> **PROBLEM STATEMENT**
Which lines run from the start of the material below through the line containing "Sylvain Azam. Cueva, 2017."? Retype them exactly, pictures excluded.

[DATA SHOWN Boundary: Start]

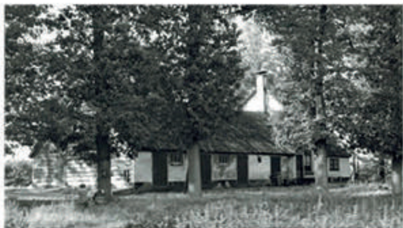
De Kamphoeve van de achterzijde gezien.
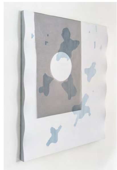
Sylvain Azam. Cueva, 2017. Acrylique sur toile, 92 x 82 cm. © Sylvain Azam. photo : studio141

qualia (/ˈkwaːliə/ or /ˈkwɛɹliə/; singular form: quale) are claimed to be individual instances of subjective, conscious experience. As qualitative characters of sensation, qualia stand in contrast to "propositional attitudes", where the focus is on beliefs about experience rather than what is it directly like to be experiencing

[DATA SHOWN Boundary: End]

> **RESPONSE TO THIS TASK**
De Kamphoeve van de achterzijde gezien.
Sylvain Azam. Cueva, 2017. Acrylique sur toile, 92 x 82 cm. © Sylvain Azam. photo : studio141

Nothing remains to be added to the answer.